Instructions to follow: From the first line down to the one containing "Yellow red peaches on a rustic wooden board", reproduce the entries below exactly and leave out the pictures.

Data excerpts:
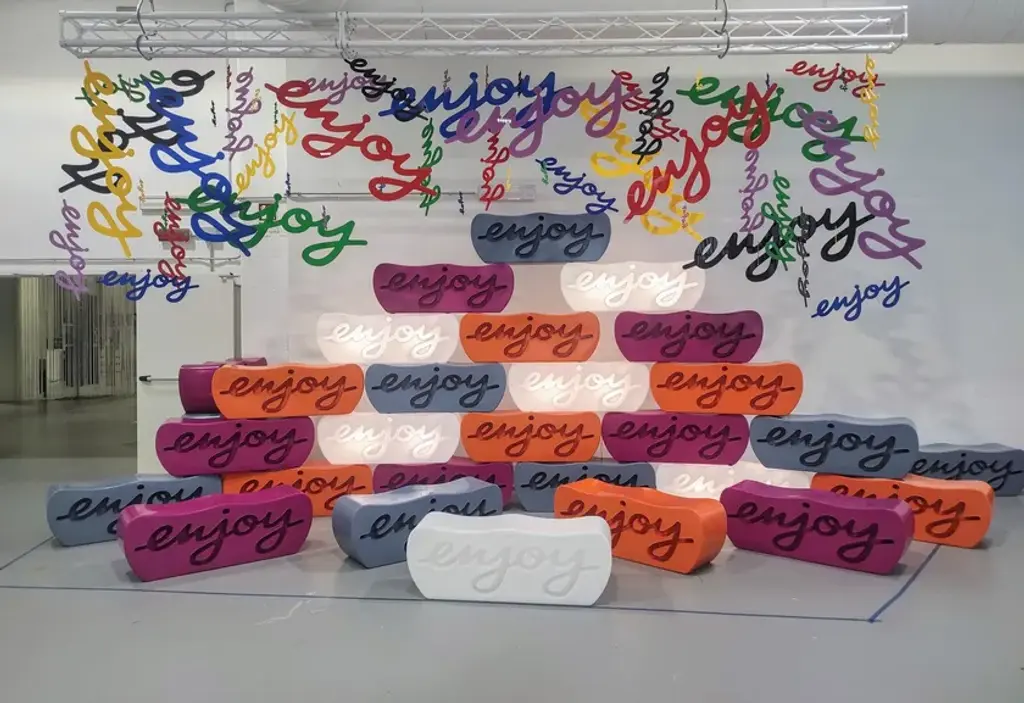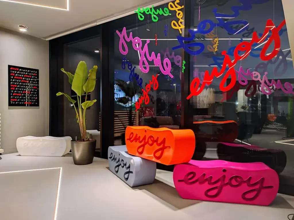 Sinuous, ergonomic and symmetrical, a functional sculpture symbol of happiness: Enjoy is the bench designed by Adriana Lohmann and Giò Colonna Romano, conceived and produced with two seats, because joy must be shared! Enjoy is versatile, ready to bring its wish for the joy of living into indoor and outdoor settings, and transversal: the word in fact reads identically on both sides.
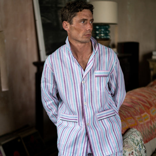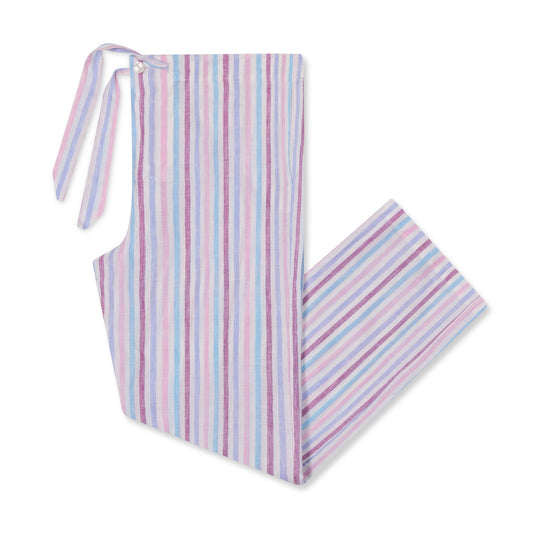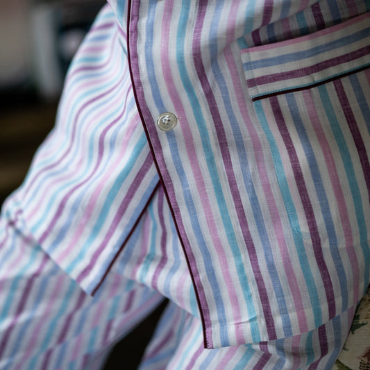 Stripe Linen Tailored Fit Pyjamas in White, Blue and Pink
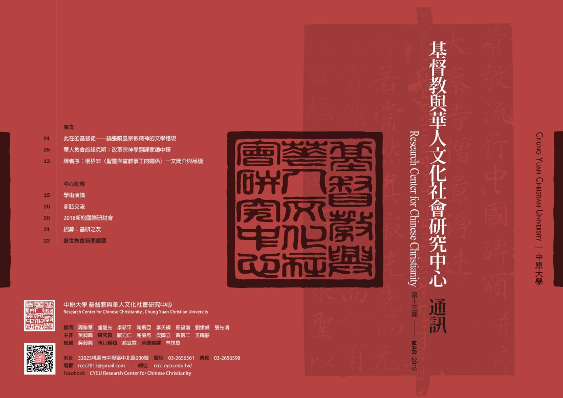 研究中心《通訊》第19期出刊囉,本期精彩內容如下,歡迎點閱! 【專 文】 ● 邢福增〈基督教的中國化與本色化〉 … 繼續閱讀 基督教與華人文化社會研究中心《通訊》第19期
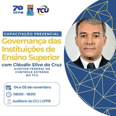 Convidamos os(as) gestores(as) para participarem, junto com suas equipes, da capacitação presencial “Governança das Instituições de Ensino Superior”, que será realizada aqui na UFPB, em parceria com o Tribunal de Contas da União (TCU).
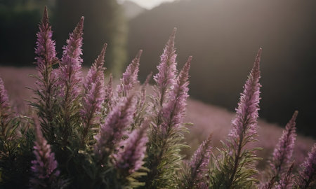 purple lavender on a background of a field.
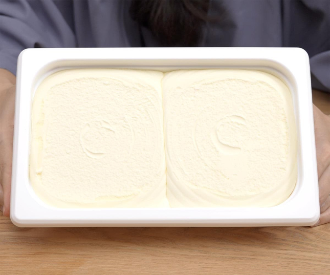 蓋を開けたらクリーム色のアイスが1L分ずつ2つ、みっちり詰まっています。
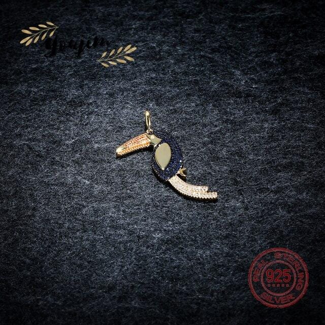 New Light Luxury Women Woodpecker Coconut Zircon 925 Silver Pendant Summer Fashion Monaco Exquisite Jewelry Gift
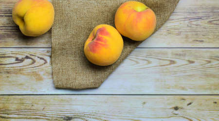Yellow red peaches on a rustic wooden board
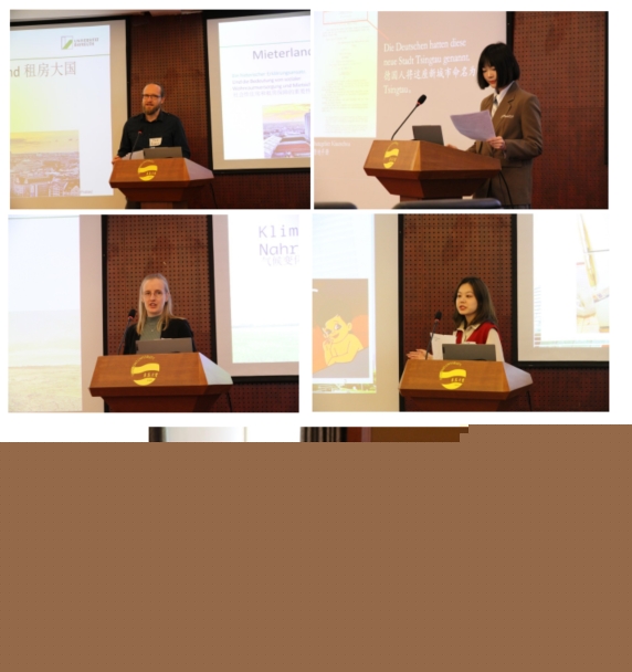 隨后,研學(xué)團(tuán)學(xué)生與青大德語(yǔ)系學(xué)子分別進(jìn)行學(xué)術(shù)匯報(bào)與討論交流。拜羅伊特大學(xué)地理學(xué)院碩士研究生艾格特(Tom Eggert)、海瑟爾(Sveja Ressel)、青島大學(xué)外語(yǔ)學(xué)院德語(yǔ)系本科三年級(jí)學(xué)生王筱彤、許筱彤分別以“租房大國(guó)德國(guó)”“氣候變化與糧食生產(chǎn)”“尋找青島的歷史印記”“海爾集團(tuán)的創(chuàng)新發(fā)展”為題進(jìn)行匯報(bào)交流,中德雙方與會(huì)成員進(jìn)行了熱烈的討論。漢斯·賽德?tīng)柣饡?huì)山東代表處總代表克勞斯博士(Dr. Michael KLAUS)對(duì)本次學(xué)術(shù)交流座談會(huì)進(jìn)行總結(jié)。他對(duì)四位同學(xué)所作報(bào)告內(nèi)容進(jìn)行了概括和點(diǎn)評(píng),強(qiáng)調(diào)了此次中德跨文化交流活動(dòng)的重要意義,指出只有通過(guò)跨文化對(duì)話,才能加深中德雙方理解,并進(jìn)而實(shí)現(xiàn)文明互鑒。
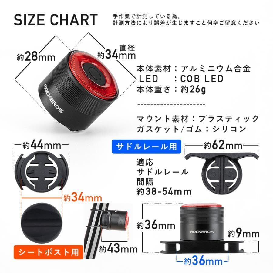 【製品仕様&メーカー】セーフティライトのサイズ:64mm*30mm*34mm、重量も僅か33g(マウント含む)。自転車テールランプはロードバイクやクロスバイクなどの車種に取り付け可能で、取り付け位置も二つがあります(サドルレール・シートポスト)。弊店は六か月間の期間を設置しており、万が一商品に何か問題がございましたら、遠慮せずご連絡ください。

Response for this exercise:
 Sinuous, ergonomic and symmetrical, a functional sculpture symbol of happiness: Enjoy is the bench designed by Adriana Lohmann and Giò Colonna Romano, conceived and produced with two seats, because joy must be shared! Enjoy is versatile, ready to bring its wish for the joy of living into indoor and outdoor settings, and transversal: the word in fact reads identically on both sides.
 Stripe Linen Tailored Fit Pyjamas in White, Blue and Pink
 研究中心《通訊》第19期出刊囉,本期精彩內容如下,歡迎點閱! 【專 文】 ● 邢福增〈基督教的中國化與本色化〉 … 繼續閱讀 基督教與華人文化社會研究中心《通訊》第19期
 Convidamos os(as) gestores(as) para participarem, junto com suas equipes, da capacitação presencial “Governança das Instituições de Ensino Superior”, que será realizada aqui na UFPB, em parceria com o Tribunal de Contas da União (TCU).
 purple lavender on a background of a field.
 蓋を開けたらクリーム色のアイスが1L分ずつ2つ、みっちり詰まっています。
 New Light Luxury Women Woodpecker Coconut Zircon 925 Silver Pendant Summer Fashion Monaco Exquisite Jewelry Gift
Yellow red peaches on a rustic wooden board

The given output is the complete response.